(Beginning of Record set)
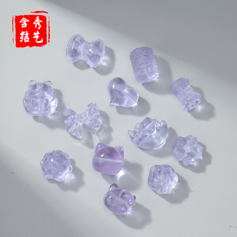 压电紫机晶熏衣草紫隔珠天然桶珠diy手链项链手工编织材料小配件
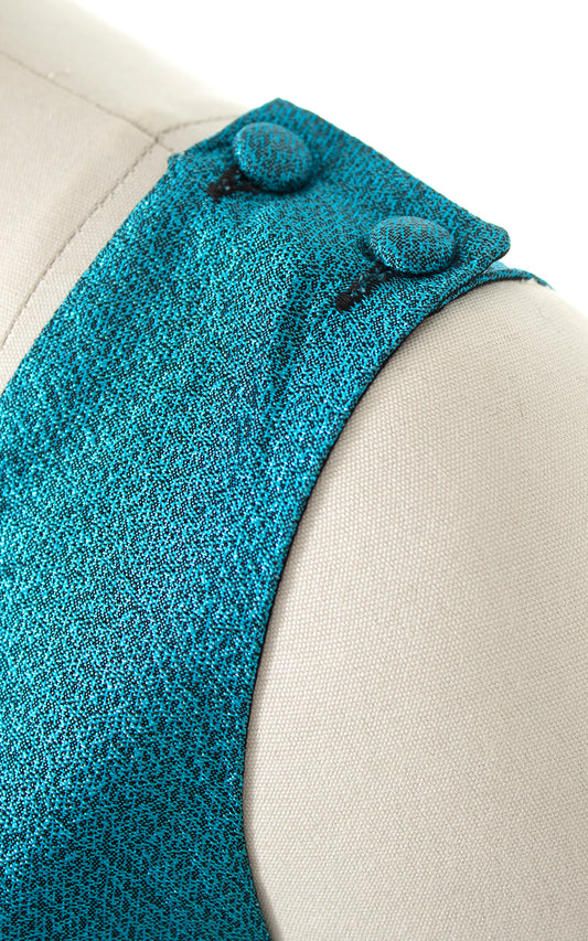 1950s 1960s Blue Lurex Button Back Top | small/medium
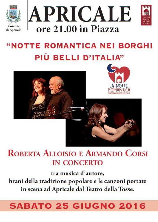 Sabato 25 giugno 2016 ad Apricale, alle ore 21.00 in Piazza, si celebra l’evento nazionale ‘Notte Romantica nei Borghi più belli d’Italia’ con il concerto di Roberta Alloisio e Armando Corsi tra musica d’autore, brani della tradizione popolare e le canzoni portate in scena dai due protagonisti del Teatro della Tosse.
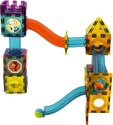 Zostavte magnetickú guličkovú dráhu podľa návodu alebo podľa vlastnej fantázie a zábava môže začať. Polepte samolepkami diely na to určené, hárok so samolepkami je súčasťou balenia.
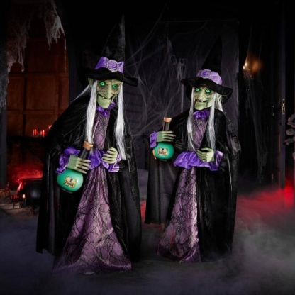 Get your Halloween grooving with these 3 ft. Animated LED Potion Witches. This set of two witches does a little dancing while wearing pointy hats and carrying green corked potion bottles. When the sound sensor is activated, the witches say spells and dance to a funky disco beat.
(End of Record set)
(Beginning of Record set)
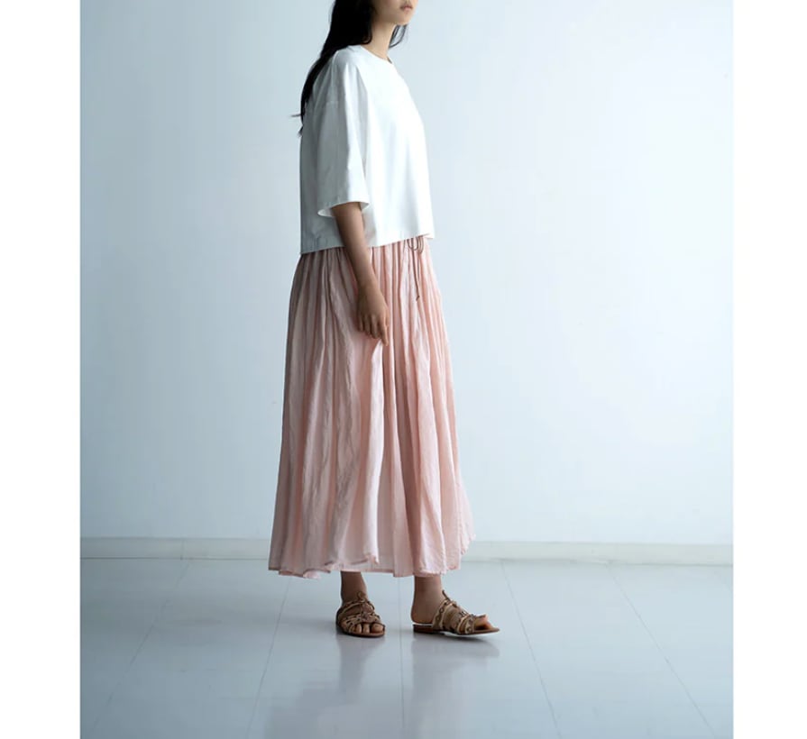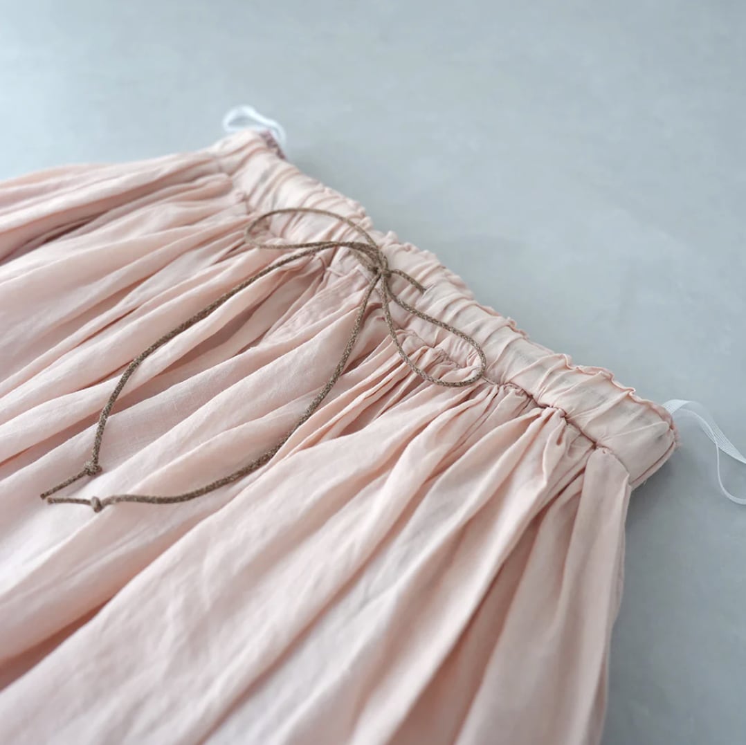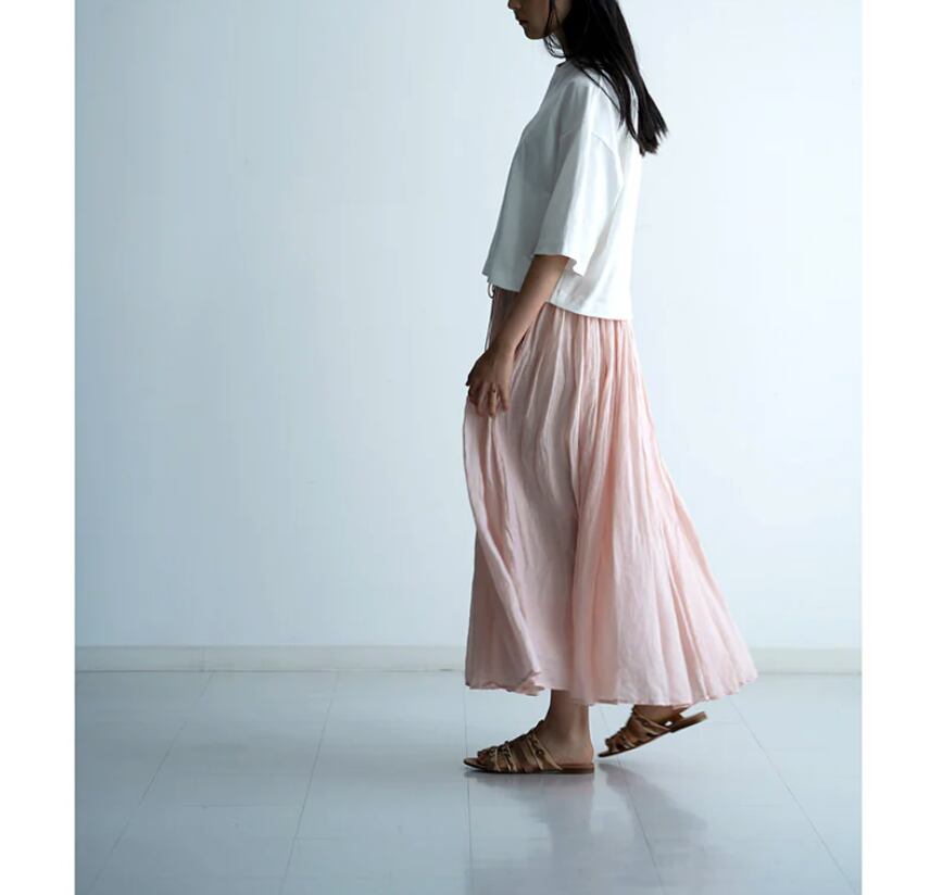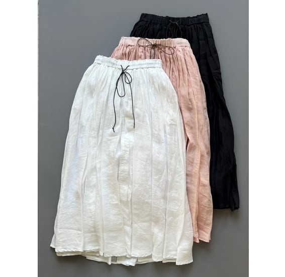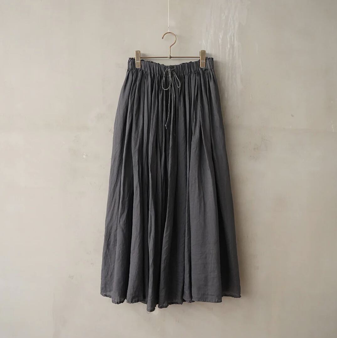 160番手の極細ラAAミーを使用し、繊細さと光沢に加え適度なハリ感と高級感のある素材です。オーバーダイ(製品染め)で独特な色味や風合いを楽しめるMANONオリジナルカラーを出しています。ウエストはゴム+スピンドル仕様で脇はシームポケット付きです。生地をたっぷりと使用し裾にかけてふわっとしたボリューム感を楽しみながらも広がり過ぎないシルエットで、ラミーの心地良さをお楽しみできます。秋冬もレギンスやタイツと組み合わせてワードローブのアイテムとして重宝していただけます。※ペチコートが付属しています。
(End of Record set)
Exercise objective - Each line between the one holding "压电紫机晶熏衣草紫隔珠天然桶珠diy手链项链手工编织材料小配件" and the one holding "Sabato 25 giugno", inclusive, should be copied exactly as it appears above, and pictures should be omitted.

Completed task -
 压电紫机晶熏衣草紫隔珠天然桶珠diy手链项链手工编织材料小配件
 1950s 1960s Blue Lurex Button Back Top | small/medium
 Sabato 25 giugno 2016 ad Apricale, alle ore 21.00 in Piazza, si celebra l’evento nazionale ‘Notte Romantica nei Borghi più belli d’Italia’ con il concerto di Roberta Alloisio e Armando Corsi tra musica d’autore, brani della tradizione popolare e le canzoni portate in scena dai due protagonisti del Teatro della Tosse.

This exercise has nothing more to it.